Чувство приязни к Гребенникову, о котором столько хорошего слышал в Москве, заставляло Бунчужного искать и в словах, и жестах, даже во внешности Гребенникова лучшее, что было в нем, и радоваться, что судьба привела его строить домну на площадке Тайгастроя, что решение проблемы будет связано с именем такого человека, как Гребенников.

— Помните совещание у Григория Константиновича? — спросил Бунчужный. — Мы сидели рядом. Я от этого совещания начал счет своему новому веку. Это был, так сказать, день моего рождения...

Гребенников провел рукой по голове, взъерошил свои волосы.

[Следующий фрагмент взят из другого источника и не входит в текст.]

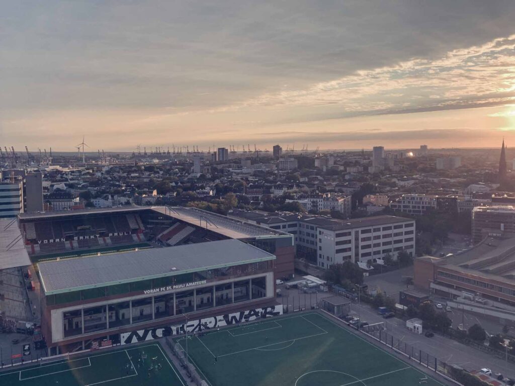 Es gibt auch einen Aufzug, um barrierefrei dorthin zu kommen. Es war ein herrlicher Herbsttag und Petra und ich genossen die fantastische Aussicht auf unsere Stadt. Bei einem Aperolspritz anschliessend im Strand-Pauli, liessen wir es uns in der untergehende Abendsonne gutgehen.

— Поймите меня, Петр Александрович, многие из нас, стариков, видят подлинную науку в решении сугубо теоретических вопросов. Я не принадлежу к их числу, возможно потому, что на своей рабочей спине знаю, что может дать наука практике нашего производства. Но мы как-то засушиваем, сужаем проблему. У многих наших ученых не хватает простора мышления, большой человеческой мечты. А без этого настоящая наука, наука во имя процветания жизни, развиваться не может. И вот Григорий Константинович пошел нашему институту навстречу...

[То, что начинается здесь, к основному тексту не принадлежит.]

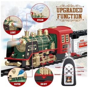 Conjunto de trem de Natal retrô Choo Choo Choo ... O brinquedo de trem a vapor clássico retrô Mini Tudou está chegando Uma locomotiva a vapor clássica com o carro de carvão, o carro de passageiros e o veículo de carga está dirigindo ao redor da árvore de Natal. Como um dos brinquedos mais amados de várias gerações, o pai contará a história do trem clássico e trará as crianças de volta à Era do Vapor para aprender mais conhecimento com diversão sem fim. Conjunto de trem elétrico com controle remoto Compare com outros brinquedos de trem eletrônico, nosso conjunto de trem rc não inclui apenas motores de locomotiva, vagões de carvão, vagão de passageiros, vagão de carga, trilhos retos, trilhos curvos, sinais de trânsito, árvores, garrafa de água vazia, mas também equipar com controle remoto, baterias recarregáveis e cabos USB. As crianças podem controlar o trem para parar, avançar, acelerar ou retroceder. Além disso, ele pode ligar e desligar o som através do controle remoto quando estiver em execução. Experiência Imersiva Perfeita A grande atenção aos detalhes, desde a chaminé até as rodas deste modelo de trem, nossos designers estão comprometidos em restaurar a aparência mais clássica do trem. As crianças podem encher a entrada de água com a garrafa de água e ativa, então nosso conjunto de trem elétrico apresenta fumaça inodora, faróis piscando e sons de trem realistas para melhorar a experiência imersiva. Não como outros produzem cheiro odorífero com óleo, os pais garantem que seus filhos brinquem Marca: Não Informado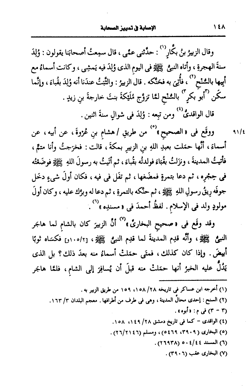 وقد وقع في صحيح البُخارِيّ أن الزبير كان بالشام لما هاجر النَّبيّ صَلى الله عَلَيه وسَلم وأنه قدم المدينة لما قدم النَّبيّ صَلى الله عَلَيه وسَلم فكساه ثوبا أبيض وإذا كان كذلك فمتى حملت أسماء منه بعد ذلك بل الذي يدل عليه الخبر أنها حملت منه قبل أن يسافر إلى الشام فلما هاجر النَّبيّ صَلى الله عَلَيه وسَلم إلى المدينة وتبعه أصحابه أرسالا خرجت أسماء بنت أبي بكر بعد أن هاجر النَّبيّ صَلى الله عَلَيه وسَلم بأشهر فإن كان قدومها في شوال محفوظا فتكون سنة إحدى.

— Не помешает ли дальность расстояния вашим научно-исследовательским работам? Я имею в виду расстояние от Тайгастроя до Москвы, — спросил Гребенников.

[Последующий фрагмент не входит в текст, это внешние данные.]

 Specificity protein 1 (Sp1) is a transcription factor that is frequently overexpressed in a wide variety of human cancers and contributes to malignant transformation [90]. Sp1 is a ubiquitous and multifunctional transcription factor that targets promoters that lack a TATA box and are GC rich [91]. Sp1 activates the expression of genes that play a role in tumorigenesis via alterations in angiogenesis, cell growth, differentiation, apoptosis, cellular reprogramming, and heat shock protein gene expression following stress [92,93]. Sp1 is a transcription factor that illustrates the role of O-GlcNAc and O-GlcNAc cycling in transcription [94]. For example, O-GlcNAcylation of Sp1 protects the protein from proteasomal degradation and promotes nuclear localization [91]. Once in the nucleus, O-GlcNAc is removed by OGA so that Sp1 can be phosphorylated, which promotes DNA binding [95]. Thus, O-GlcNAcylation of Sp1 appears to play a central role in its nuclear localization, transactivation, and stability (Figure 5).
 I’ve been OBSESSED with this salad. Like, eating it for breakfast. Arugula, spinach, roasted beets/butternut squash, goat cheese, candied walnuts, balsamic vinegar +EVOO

— Не помешает ли? Не знаю. Скажу прямо: работать дальше без домны мы не могли. Уткнулись головой в угол — и ни с места. Чуть что не получается, говорим: подвела старуха! А старуха часто и ни при чем!

— Я вас понимаю, Федор Федорович. Когда мне Серго сказал, что вы поедете к нам, я очень обрадовался. Для вас не секрет, что таежный комбинат наш должен стать одной из самых серьезных опорных точек обороны Отечества. Если вам удастся в производственных масштабах получить ванадистые чугуны, это также поможет машиностроительной промышленности. Что же вас задержало с отъездом?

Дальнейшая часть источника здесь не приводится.